The inaugural issue of the Journal of Digital Humanities (Winter 2011) published Moya Z. Bailey’s article “All the Digital Humanists Are White, All the Nerds Are Men, but Some of Us Are Brave.” Her title draws on a vital text of feminist history, the collection All the Women Are White, All the Blacks Are Men, But Some of Us Are Brave, edited by Gloria Hull, Patricia Bell Scott, and Barbara Smith and published by the Feminist Press in 1982. Recently, Moya Z. Bailey put together a Storify of the tweets around the 2013 Critical Ethnic Studies Association Conference (CESA 2013) panel “Representing Race: Silence in the Digital Humanities.” These moments track an ongoing conversation about race in Digital Humanities.
The discussion around race and the Digital Humanities addresses multiple facets of the issue from what kinds of work gets called digital humanities work to how accessible the tools of the work are and who’s involved in creating them.
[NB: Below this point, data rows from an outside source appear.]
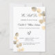 Weißer Hintergrund mit goldenem Eukalyptus, Sprigs. Personalisieren und Ihren Namen und Ihre Zeremonie Details. Zurück: goldener Hintergrund.
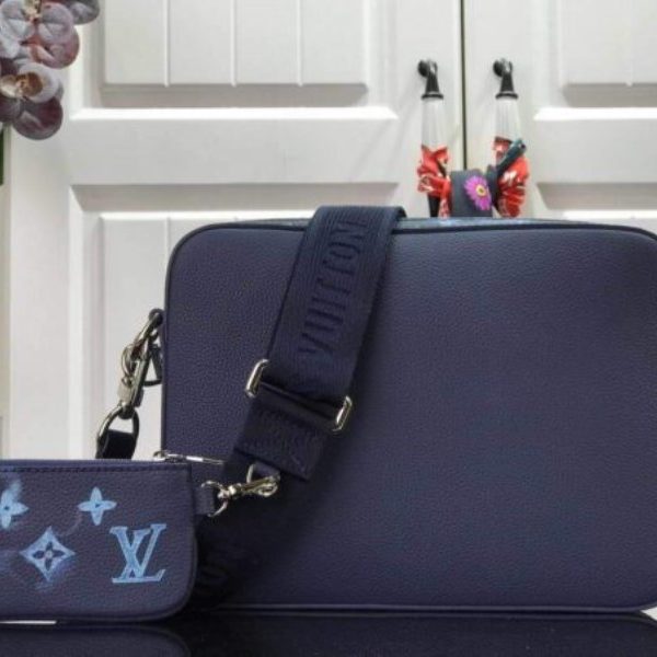 The light-blue-and-white Monogram motif printed irregularly on the grained leather of the Trio Messenger bag give a customized feel. This hybrid cross-body bag mixes functionality with fashion, thanks to a detachable zipped pocket on the front and a removable coin purse attached to the strap.
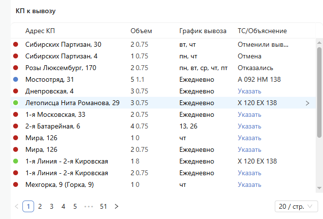 В Редактор ПЗ добавляется новая вкладка КП к вывозу. Раздел показывает КГ, вывоз которых запланирован на указанное в шапке число, и которые при этом не были поставлены ни в одно из существующих ПЗ на это число
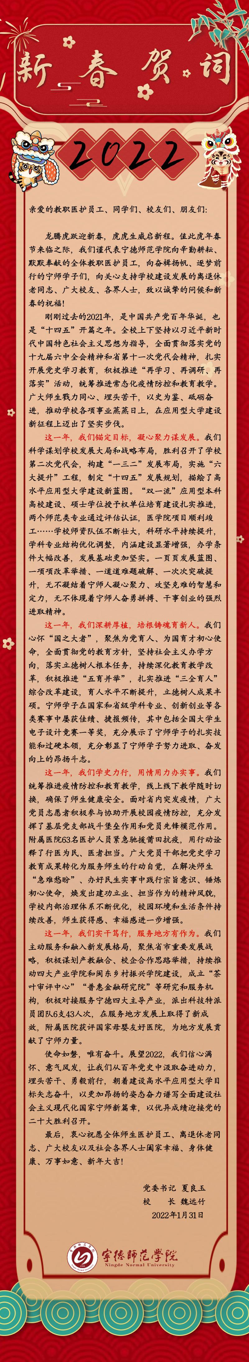 宁德师范学院2022年新春贺词

I’m interested in talking together about the role of librarians (in conversation with faculty and students) in collaboration with/as creators of projects by digital humanists of color and digital humanities projects considering racial justice. Librarians’ responsibilities here seem to stem both from our involvement in shaping the futures of digital humanities and how our resource pages, classes, and orientation sessions say something about what we think counts as the humanities and whose work belongs there.
Within librarianship we rarely talk about how our own identities affect our perspectives, our practice, and our outreach. I’m interested in how we can enact such accountability and engagement in our digital humanities practice. I’m a queer feminist and white antiracist ally in librarianship, teaching, and other collaborations.
It would be exciting to imagine together an ethics for our practice, to share tools and resources we know about, to take a look at ongoing projects (like those highlighted by Moya Z. Bailey or by Anne Cong-Huyen in her post of the talk she gave at CESA 2013 “Race in DH: Transformative Asian/American Digital Humanities,” and more), and how librarians’ ethnic identities and sociopolitical locations are important to these futures.
Certainly interested in this topic. Brings back memories from working on my MA in a post-colonial history area. Too many good proposals, hopefully scheduling doesn’t force too many hard decisions for what to attend.